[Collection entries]

┄┄┄┄┄┄

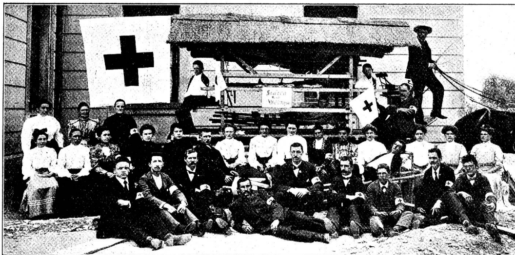
Pl. 4. Les samaritains de Wettingen et le char à blessés qu'ils ont aménagé.

vues que nous reproduisons, de montrer quels genres d'exercices peuvent et doivent être exécutés par les sociétés de samaritains, afin d'encourager les membres de ces sociétés à travailler, et peut-être à
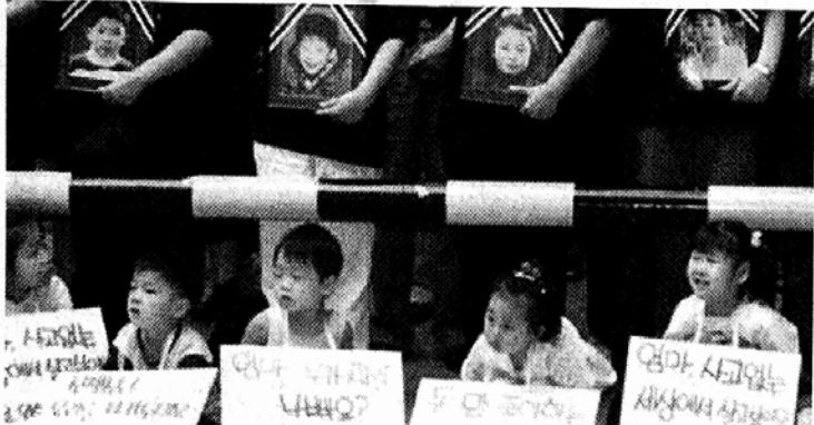
◇200여 어린 생명을 앗아간 화성 씨랜드 화재참사는 우리사회에 안전불감증이 얼마나 뿌리깊이 배어 있는가를 여실히 보여준 사건이다. 사진은 정부의 보상을 요구하며 시위를 벌이고 있는 피해자 유족들.
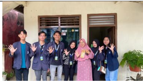
Kunjungan UMKM Stik Keju Dapur Ibu
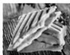
MISTO-QUENTE R$ 2,00
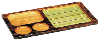
④ 焼杉 天ざる (QTV-09) ¥8,660 380×220
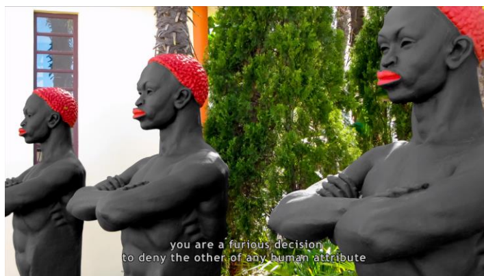
Fig. 19 - Vasco Araújo, Parque Temático , 2016.
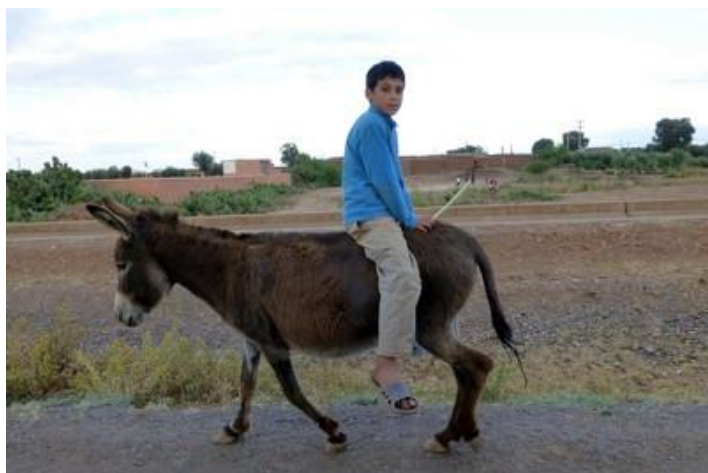
A califourchon, vers Attouïa-Ech-Chebiya

Comme il ne fait pas beau, je décide de ne pas prendre mon jour de repos prévu et de repartir de suite vers le nord. Je passe par Sidi-Rahal (où des enfants lancent des pierres sur la voiture à mon passage, ce qui arrive trop souvent au Maroc), puis par Attaïa-Ech-Chebiya et Khemis-Madjen. Chemins de traverse, toujours, lorsque cela est possible. Je m'arrête finalement à la nuit, après 200 km pile, à l'hôtel d'Azilal où j'ai déjà dormi la semaine dernière.
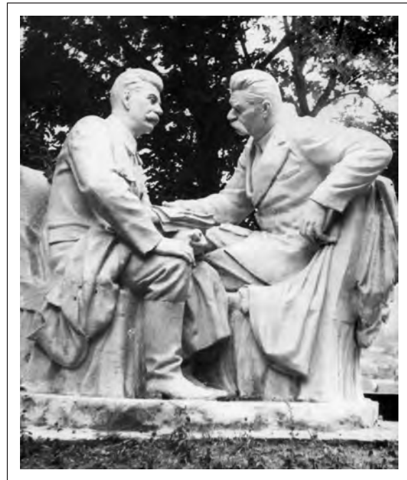
Памятник Сталину и Горькому в городском парке. Фото 50-х гг. XX в.

Прямым результатом кампании против «убийц в белых халатах» стало резкое ограничение приема еврейской молодежи в высшие учебные заведения. Рассмотрим это на примере Могилевского педагогического института. Если принять во внимание, что высшее педагогическое образование в послевоенный период было наиболее массовым и доступным, а среди абитуриентов находились не только жители областных городов, но и районных центров, а также «глубинки», то анализ состава
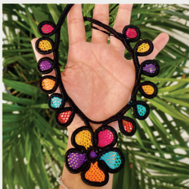
PACO10 Colar Ticy
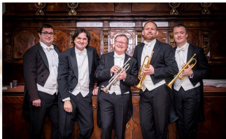
Trumpets in Concert

Trumpets in Concert (kurz TIC ) hat seine eigene Magie. Jeder wird sie auf seine Weise beschreiben. Wir fanden sie im geglückten Einklang zwischen Vergangenheit und Gegenwart. Sie haben den Charme und die Schönheit vergangener Jahrhunderte aufgefangen und neu zum Blühen gebracht, in einer Klanglandschaft, die edelsten zeitgenössischen Stil zeigt.
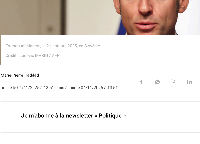
Emmanuel Macron, le 21 octobre 2025, en Slovénie

En déplacement à La Rochelle, le président de la République a prévu de débattre avec des jeunes de l'impact des réseaux sociaux sur leur vie quotidienne. Selon "Le Parisien", le président a promis à des proches : "Sur la politique nationale, je lâche le manche".
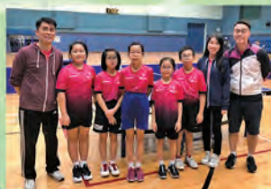
女女子乒乓球校隊
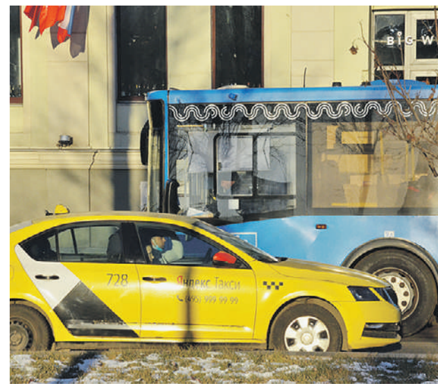
Вся транспортная сеть столицы в будущем будет отображаться в новом приложении Делтранса
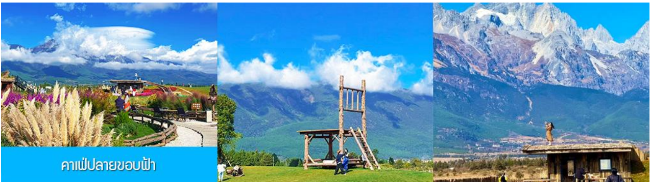
คาเฟ่ปลายขอบฟ้า

เที่ยง รับประทานอาหารกลางวัน ณ ภัตตาคาร (2)
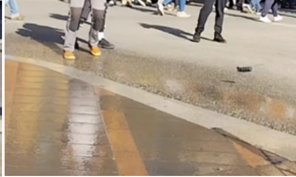
Ce qui reste de la grenade poursuit sa « course folle »
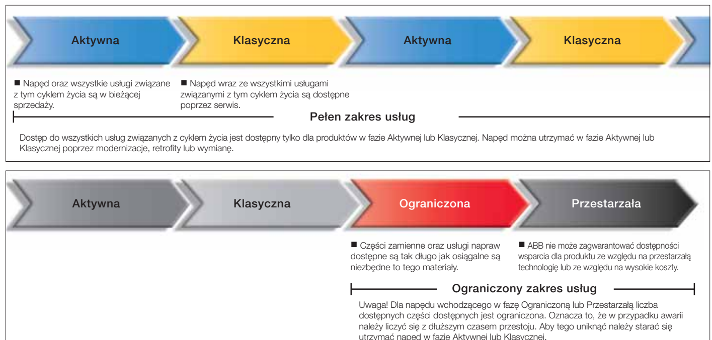
ABB kieruje się czterofazowym modelem zarządzania cyklem życia napędów, w celu wsparcia i pomocy dla klienta oraz zwiększenia efektywności wykorzystania napędów.

Przykłady usług związanych z cyklem życia: dobór i wymiarowanie, instalacja i uruchomienie, szkolenia, wsparcie techniczne, przeglądy, dostawa części zamiennych, naprawa oraz wymiana.

┄┄┄┄┄┄

Write out the data in full and exactly as given, though without the images.

Pl. 4. Les samaritains de Wettingen et le char à blessés qu'ils ont aménagé.

vues que nous reproduisons, de montrer quels genres d'exercices peuvent et doivent être exécutés par les sociétés de samaritains, afin d'encourager les membres de ces sociétés à travailler, et peut-être à
◇200여 어린 생명을 앗아간 화성 씨랜드 화재참사는 우리사회에 안전불감증이 얼마나 뿌리깊이 배어 있는가를 여실히 보여준 사건이다. 사진은 정부의 보상을 요구하며 시위를 벌이고 있는 피해자 유족들.
Kunjungan UMKM Stik Keju Dapur Ibu
MISTO-QUENTE R$ 2,00
④ 焼杉 天ざる (QTV-09) ¥8,660 380×220
Fig. 19 - Vasco Araújo, Parque Temático , 2016.
A califourchon, vers Attouïa-Ech-Chebiya

Comme il ne fait pas beau, je décide de ne pas prendre mon jour de repos prévu et de repartir de suite vers le nord. Je passe par Sidi-Rahal (où des enfants lancent des pierres sur la voiture à mon passage, ce qui arrive trop souvent au Maroc), puis par Attaïa-Ech-Chebiya et Khemis-Madjen. Chemins de traverse, toujours, lorsque cela est possible. Je m'arrête finalement à la nuit, après 200 km pile, à l'hôtel d'Azilal où j'ai déjà dormi la semaine dernière.
Памятник Сталину и Горькому в городском парке. Фото 50-х гг. XX в.

Прямым результатом кампании против «убийц в белых халатах» стало резкое ограничение приема еврейской молодежи в высшие учебные заведения. Рассмотрим это на примере Могилевского педагогического института. Если принять во внимание, что высшее педагогическое образование в послевоенный период было наиболее массовым и доступным, а среди абитуриентов находились не только жители областных городов, но и районных центров, а также «глубинки», то анализ состава
PACO10 Colar Ticy
Trumpets in Concert

Trumpets in Concert (kurz TIC ) hat seine eigene Magie. Jeder wird sie auf seine Weise beschreiben. Wir fanden sie im geglückten Einklang zwischen Vergangenheit und Gegenwart. Sie haben den Charme und die Schönheit vergangener Jahrhunderte aufgefangen und neu zum Blühen gebracht, in einer Klanglandschaft, die edelsten zeitgenössischen Stil zeigt.
Emmanuel Macron, le 21 octobre 2025, en Slovénie

En déplacement à La Rochelle, le président de la République a prévu de débattre avec des jeunes de l'impact des réseaux sociaux sur leur vie quotidienne. Selon "Le Parisien", le président a promis à des proches : "Sur la politique nationale, je lâche le manche".
女女子乒乓球校隊
Вся транспортная сеть столицы в будущем будет отображаться в новом приложении Делтранса
คาเฟ่ปลายขอบฟ้า

เที่ยง รับประทานอาหารกลางวัน ณ ภัตตาคาร (2)
Ce qui reste de la grenade poursuit sa « course folle »
ABB kieruje się czterofazowym modelem zarządzania cyklem życia napędów, w celu wsparcia i pomocy dla klienta oraz zwiększenia efektywności wykorzystania napędów.

Przykłady usług związanych z cyklem życia: dobór i wymiarowanie, instalacja i uruchomienie, szkolenia, wsparcie techniczne, przeglądy, dostawa części zamiennych, naprawa oraz wymiana.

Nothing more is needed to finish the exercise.